> _DATA EXTRACT_
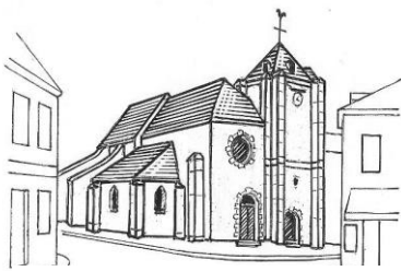
Église St-Nicolas Rue Jean Jaurès

Paroisse St-Nicolas 7 rue Jean Racine 94510 La Queue-En-Brie
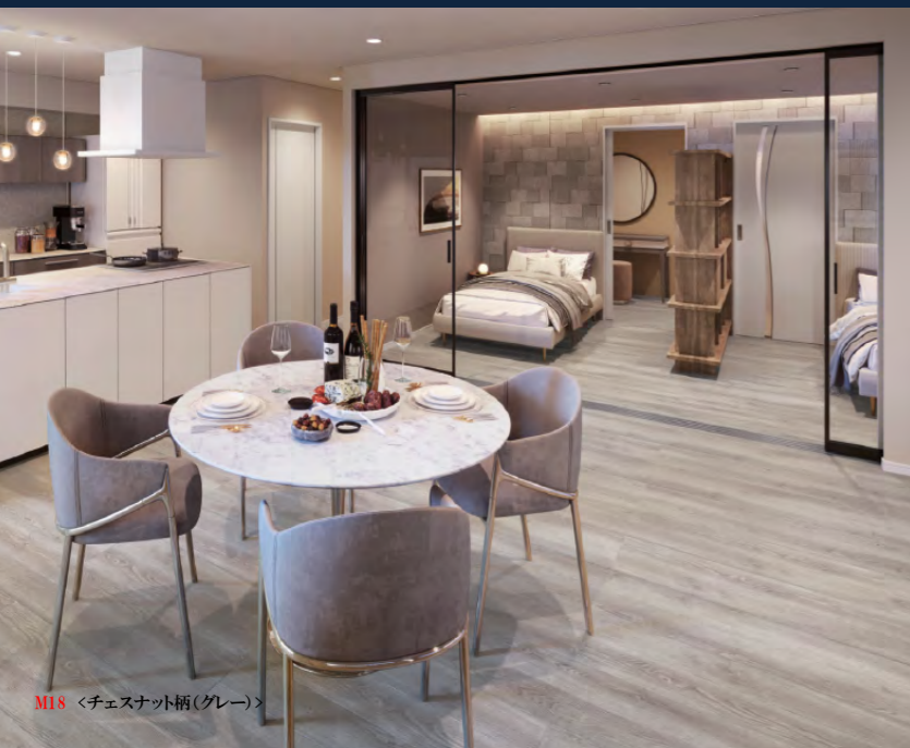
M18 <チェスナット柄(グレー)>

> _PROBLEM DETAILS_
Copy out each line of the listing that holds the word "Jean".

> _TASK SOLUTION_
Église St-Nicolas Rue Jean Jaurès
Paroisse St-Nicolas 7 rue Jean Racine 94510 La Queue-En-Brie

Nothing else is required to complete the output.